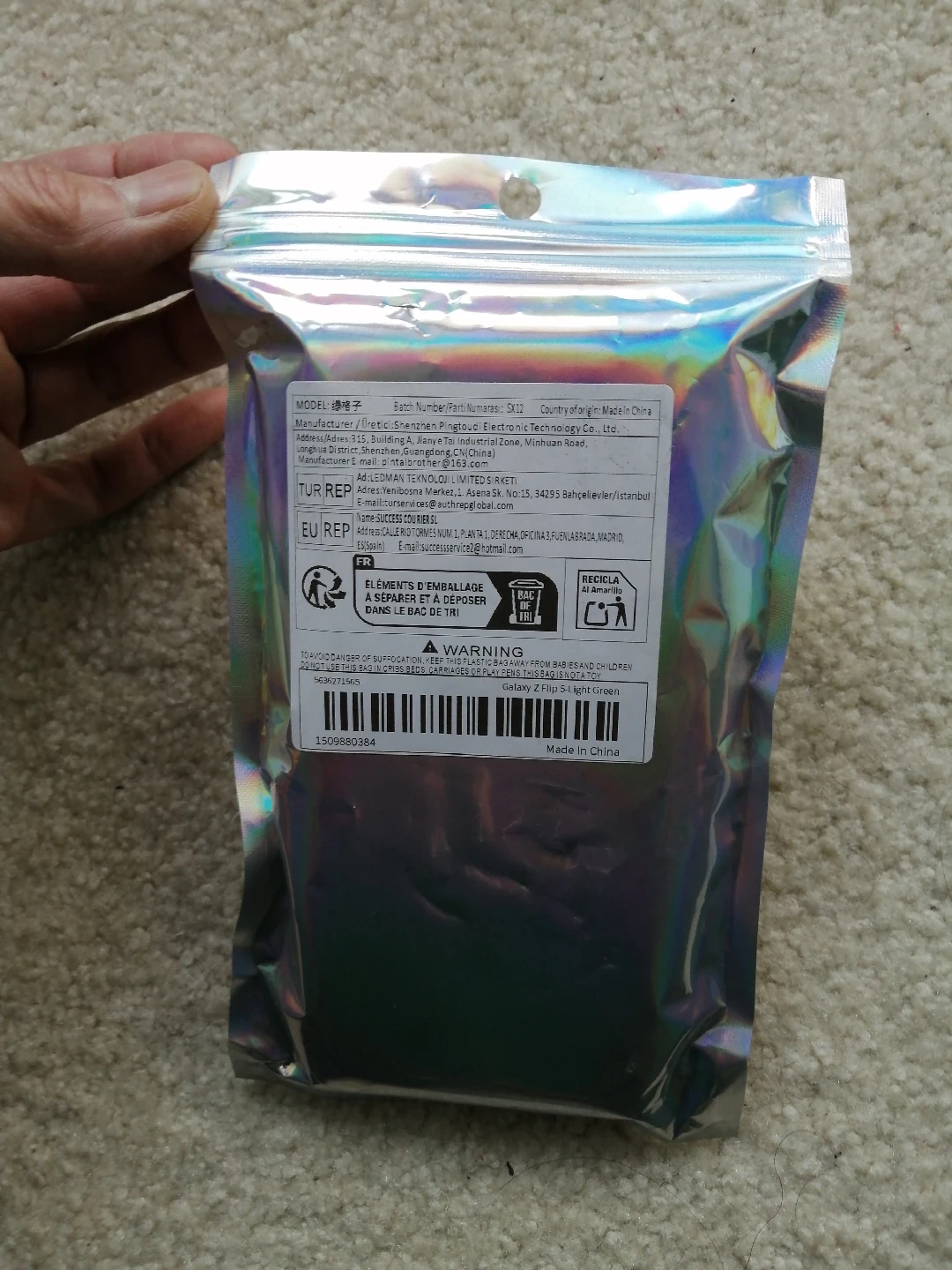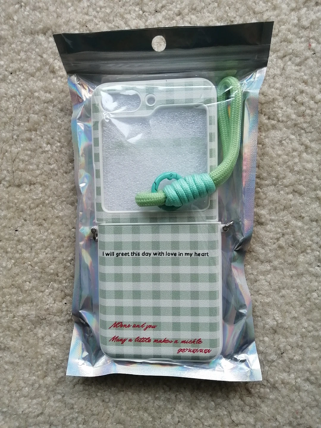 This is a cute Samsung Flip 5 case with a green gingham pattern. It comes with a matching strap, perfect for keeping your phone secure and accessible. The case is still in its original packaging and has never been used!
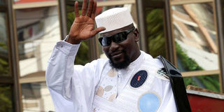 Guinean leader Mamadi Doumbouya waves after submitting his candidacy at the Supreme Court ahead of the presidential election scheduled for December 28, in Conakry, Guinea
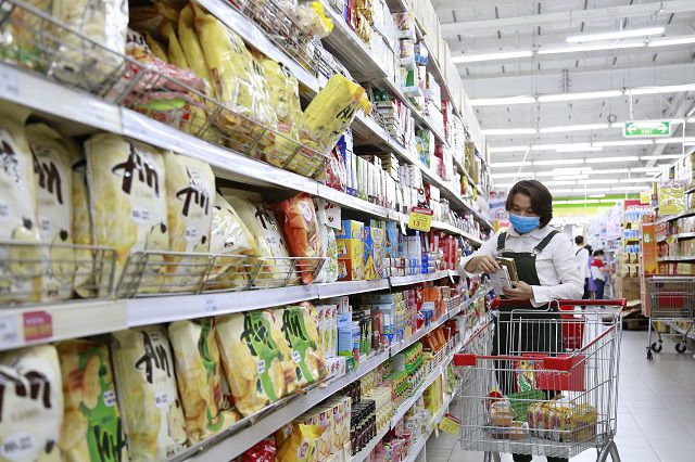 Người tiêu dùng mua hàng tại siêu thị Big C Thăng Long. Ảnh: Thanh Hải
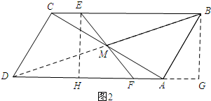ÀíÓÉ£ºÈçͼ2£¬¹ýµãB×÷BG¡ÍADÓëµãG£¬¹ýµãE×÷EH¡ÍADÓÚµãH£¬Á¬½ÓDM£®![]()
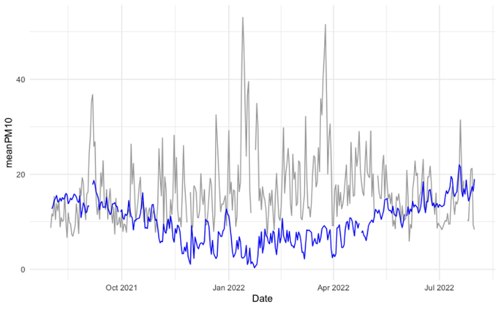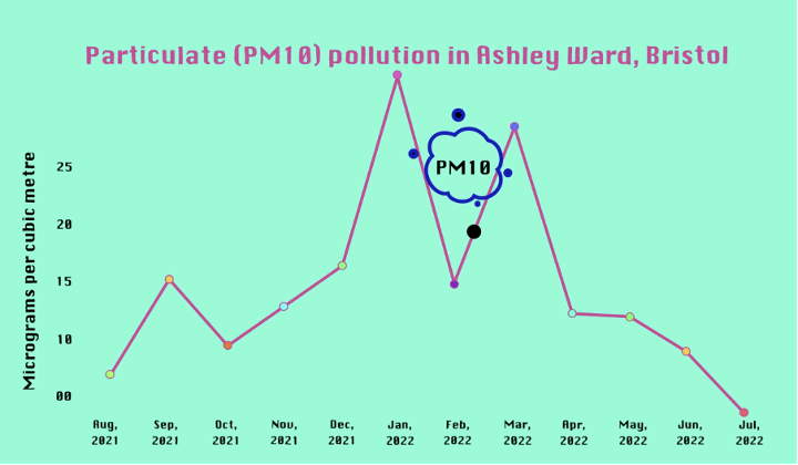 What Miriam observed was that air quality deteriorates in the winter in Ashley Ward and improves in the summer. This correlates with how people behave when it’s cold outside, with more people driving their cars and lighting their wood burners. Also, cold air sinks and traps air pollution near to the ground, especially when there’s little wind (as in January and March 2022).
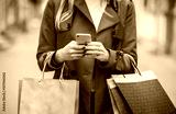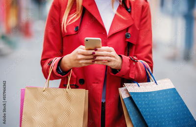 Woman using mobile phone during the shopping in the city, close up photo. Consumerism, lifestyle concept

* _WHAT THE EXERCISE ASKS_: Look above for the line containing "Guinean leader Mamadi", then retype it and each line after it to the end of the records, exactly and without pictures.

* _RESPONSE AREA_:
 Guinean leader Mamadi Doumbouya waves after submitting his candidacy at the Supreme Court ahead of the presidential election scheduled for December 28, in Conakry, Guinea
 Người tiêu dùng mua hàng tại siêu thị Big C Thăng Long. Ảnh: Thanh Hải
ÀíÓÉ£ºÈçͼ2£¬¹ýµãB×÷BG¡ÍADÓëµãG£¬¹ýµãE×÷EH¡ÍADÓÚµãH£¬Á¬½ÓDM£®![]()
 What Miriam observed was that air quality deteriorates in the winter in Ashley Ward and improves in the summer. This correlates with how people behave when it’s cold outside, with more people driving their cars and lighting their wood burners. Also, cold air sinks and traps air pollution near to the ground, especially when there’s little wind (as in January and March 2022).
 Woman using mobile phone during the shopping in the city, close up photo. Consumerism, lifestyle concept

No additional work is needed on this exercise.